4. Warrants and Equity

 

Warrant and Stock Issuances

 

In February 2025, the Company entered into a securities purchase agreement with an institutional investor for the sale by the Company of 1,150,000 shares of common stock, and 2,121,029 pre-funded warrants to purchase shares of common stock, and series D warrants to purchase up to 6,543,058 shares of common stock. The combined purchase price for the securities was $1.07 per share of common stock (or pre-funded warrant in lieu thereof). Each pre-funded warrant was exercisable for one share of common stock at an exercise price of $0.001 per share. The pre-funded warrants are exercisable immediately and  may be exercised at any time until all of the pre-funded warrants are exercised in full, subject to the beneficial ownership limitation.

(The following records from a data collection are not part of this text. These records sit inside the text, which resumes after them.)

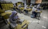 Sejumlah pelajar melaksanakan Asesmen Nasional Berbasis Komputer (ANBK) saat Pembelajaran Tatap Muka Terbatas (PTMT) di SMA Negeri 1 Kota Bogor, Jawa Barat, Senin (4/10). Sebanyak 200 sekolah tingkat SMP dan SMA di Kota Bogor melaksanakan PTMT dengan menerapkan protokol kesehatan yang ketat dan peserta didik sudah mendapatkan vaksin dosis kedua. (FOTO : Republika/Putra M. Akbar)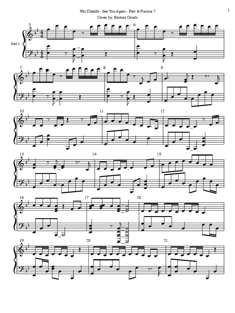 Wiz Khalifa See You Again Sheet Music Download Print Sheet Music Piano Sheet Piano Sheet Music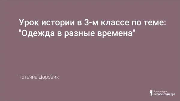 Урок истории в 3-м классе по программе Е.В.Саплиной, по теме "Одежда в разные времена". На данном уроке решается наиболее актуальный вопрос образования - формирование гражданских качеств на основе краеведческого материала. На уроке используются элементы костюмирования, осуществляются межпредметные связи. Урок способствует развитию кругозора, познавательной активности, побуждает к исследованию объектов истории, вызывает интерес к истории родного края.
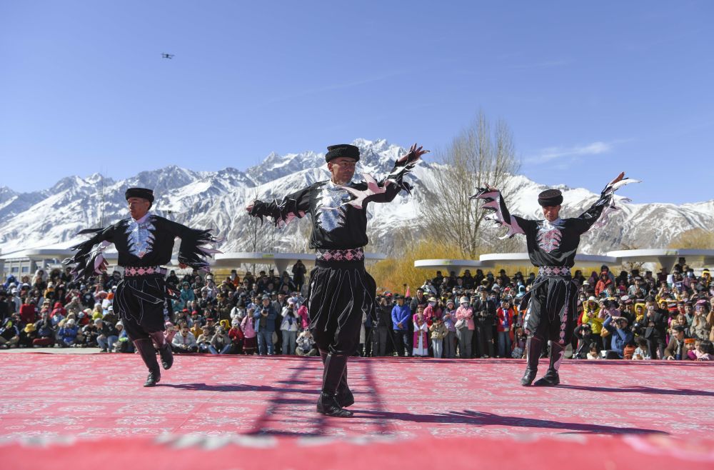 在新疆塔什庫(kù)爾干塔吉克自治縣“彩云人家”民俗村,演員為觀(guān)眾表演國(guó)家級(jí)非物質(zhì)文化遺產(chǎn)——鷹舞(2025年3月22日攝)。新華社記者 胡虎虎 攝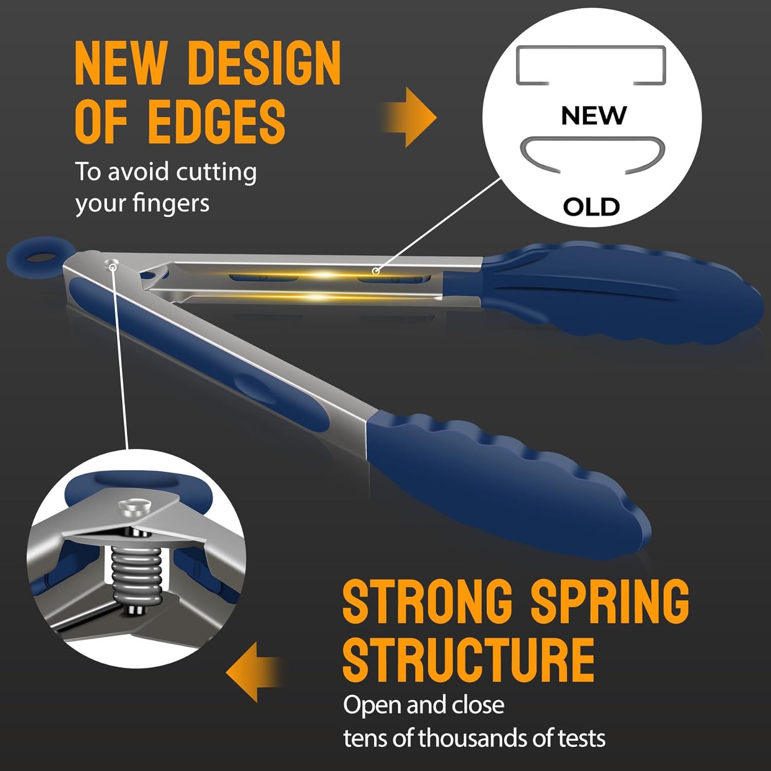 - ENGINEERING FOR SAFETY: Hotec Kitchen Tongs, Updated new design pattern for the handle, better protects your hands from cutting by the edge when you grip the handle. Easy to control the handle and to eliminate wobbling & any risk of burning your hands.
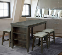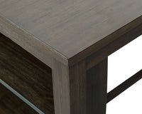 Enjoy the high life at this Lancer counter-height dining table. Crafted with solid acacia wood and veneers, this towering table's dark grey-brown finish adds a smoky, sophisticated allure to your home. The clean lines of this design offer an attractive profile, from the tapered legs to the table apron. But most appealing of all is the built-in display shelf. Featuring three levels of open storage, this piece makes for the perfect small-space solution.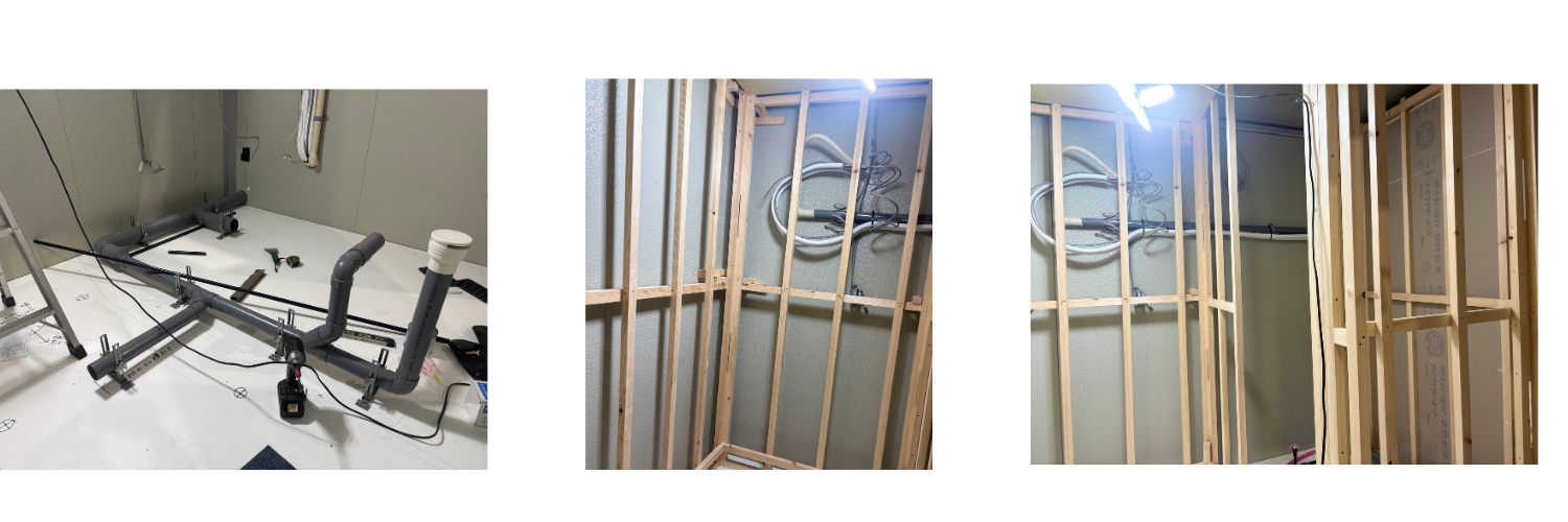 給排水の配管・電気配線などは写真のようにハウス内に組み込みます。

All of the pre-funded warrants were exercised during the three months ended March 31, 2025. Each common warrant will be exercisable upon the receipt of shareholder approval (which is anticipated to occur in the near term), will have an exercise price of $1.07 per share, and expire five years from the initial exercise date. The Company received gross proceeds of $3.5 million.

 

In February 2025, the Company entered into a warrant exercise inducement offer letter with a holder of certain existing warrants to receive new warrants to purchase up to a number of shares of common stock equal to 200% of the number of warrant shares issued pursuant to the exercise of such existing warrants to purchase up to 5,828,570 shares of common stock pursuant to which the holder agreed to exercise for cash their existing warrants at a reduced exercise price of $1.00 in exchange for the Company's agreement to issue the inducement warrants to purchase up to 11,657,140 shares (Series C warrants) of the Company's common stock. Each inducement warrant has an exercise price of $0.75 and is exercisable as of the date of issuance and may be exercised for a period of five years. The Company received gross proceeds of $5.8 million. Total gross proceeds received in February 2025 were $9.3 million.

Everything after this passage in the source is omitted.